Step 8: The Final Adjustment Is Paid
Once the final amount is determined, money moves in the right direction.
If the adjustment favors the buyer, the seller may have to pay the buyer.
If the adjustment favors the seller, the buyer may have to pay the seller.
That final payment is the true-up. It corrects the difference between the estimated numbers used at closing and the actual numbers finally determined after closing.
Speak to Our New Jersey Business Lawyers Today
A purchase price adjustment can pull you back into the asset sale after closing. The closing payment may not be the final amount you receive.
If the buyer reviews the books after closing and the financial data shows that the business delivered less working capital than the purchase price assumed, you may face a negative adjustment. In some cases, that may mean paying money back to the buyer.
That is why the purchase price adjustment mechanism should be reviewed before the asset purchase agreement is signed.
Are you wondering about any of the issues mentioned above? Please email us at info@wilkinsonlawllc.com or call (732) 410-7595 for assistance.
AtWilkinson Law, we give business owners the clarity they need to fund, grow, protect, and sell their businesses.
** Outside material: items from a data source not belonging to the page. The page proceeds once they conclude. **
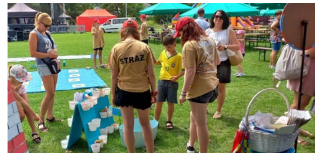
fol. GOKiS Smolec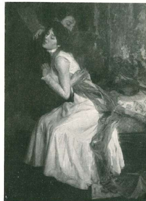
" MALIA " - (ESPOSIZIONE MONDIALE DI BUENOS-AIRES 1910).

Con questo io non intendo stabilire alcun avvicinamento di un tal ordine sul nome di Antonio Piatti. Amo però riconoscere e sottolineare una certa parentela fra l'opera del nostro artista e quella di taluni maestri scomparsi e di qualcuno che ancor è fra noi. Difatti se ben si osservano talune tele del Piatti non si potrà negare che esse rendono di taluni maestri l'interpretazione simpaticamente libera e sintetica, specie per quanto è nei riguardi delle diverse attitudini dei vari personaggi. Talvolta egli si spinge fino a far più specialmente emergere quel dato momento preferito e su di esso vi insiste, per modo che rimanga di preferenza e più vivo negli occhi di chi osserva. E il nostro pittore in questo ha oggimai fatto tale abito e con tanta sensibilità d'artista, che si può ben dire, senza alcun timore di essere accusati di esagerazione, che non per lui è l'appunto rivolto a taluni pittori, ed anche a qualcuno fra quelli che sono celebri, ch'egli sia un apparecchio osservatore: una lode che può essere ba-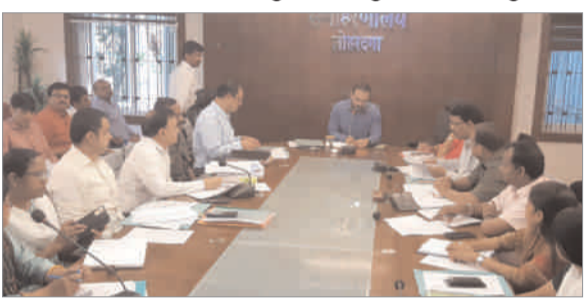
सुनिश्चित करने का निर्देश दिया गया। प्रशिक्षण कोषांग को जुटिहरित और प्रत्येक बिंदु का प्रशिक्षण सुनिश्चित करने का निर्देश दिया गया ताकि मतदान के दौरान किसी प्रकार की समस्या नहीं उत्पन्न हो।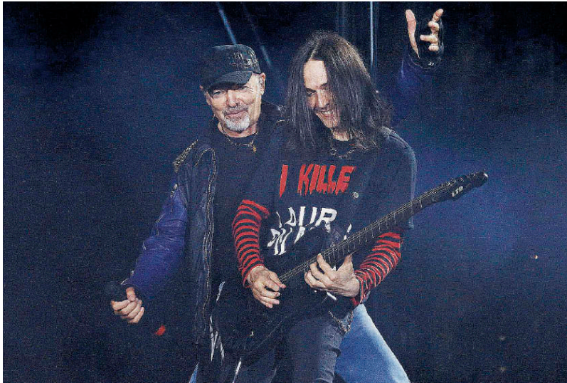
La "data zero" a Lignano Sabbiadoro. Vasco Rossi ha aperto il Live Kom '016

We are trustworthybusiness advisors keeping your business on TRACK: Trustworthy. Reliable. Available. Caring. Knowledgeable.®
FAQ
Who Benefits From a Purchase Price Adjustment, the Buyer or the Seller?
It can benefit either side. A buyer may benefit if the business is delivered with less working capital than promised. A seller may benefit if the business is delivered with more working capital than the agreed target. The adjustment is not supposed to be a penalty. It is meant to compare the target working capital against the actual working capital delivered at closing.
Should Cash Be Included in Working Capital?
Not always. Many asset purchase agreements exclude cash because the deal is intended to be cash-free. But the agreement needs to say that clearly. If cash is included, it may increase the working capital delivered to the buyer or otherwise affect the purchase price. If cash is excluded, the seller usually keeps it.
What Happens if the Buyer and Seller Disagree Over the Final Calculation?
The asset purchase agreement should provide a process. Usually, the seller gets a review period after the buyer prepares the final calculation. If the seller disagrees, the seller can object within the deadline. If the parties still cannot resolve the disputed items, the agreement may send the dispute to an independent accountant.
What Should a Seller Review Before Agreeing to a Purchase Price Adjustment?
A seller should pay close attention to the mechanics of the adjustment, including:
the target working capital;
which assets are included in the calculation;
which liabilities are included in the calculation;
who prepares the estimated closing statement;
who prepares the final true-up;
the deadline for objecting; and
whether disputed items go to an independent accountant.
The seller should also check whether cash, debt, receivables, prepaid items, accrued expenses, and deferred revenue are being treated consistently.
Is the Target Net Working Capital Number Negotiable?
Yes. Target working capital is often negotiated because it affects the final economics of the deal. A higher target can make it easier for the buyer to claim a shortfall. A lower target may reduce the chance of a downward adjustment. The number should be based on the business’s actual financial data, ordinary course operations, and any seasonal fluctuations that affect working capital.
When Is the Purchase Price Finally Determined?
The purchase price may not be final until the post-closing true-up process is complete. That may happen after the buyer prepares the final calculation, the seller’s review period ends, any objections are resolved, and any required payment is made. If there is a dispute, final determination may take longer.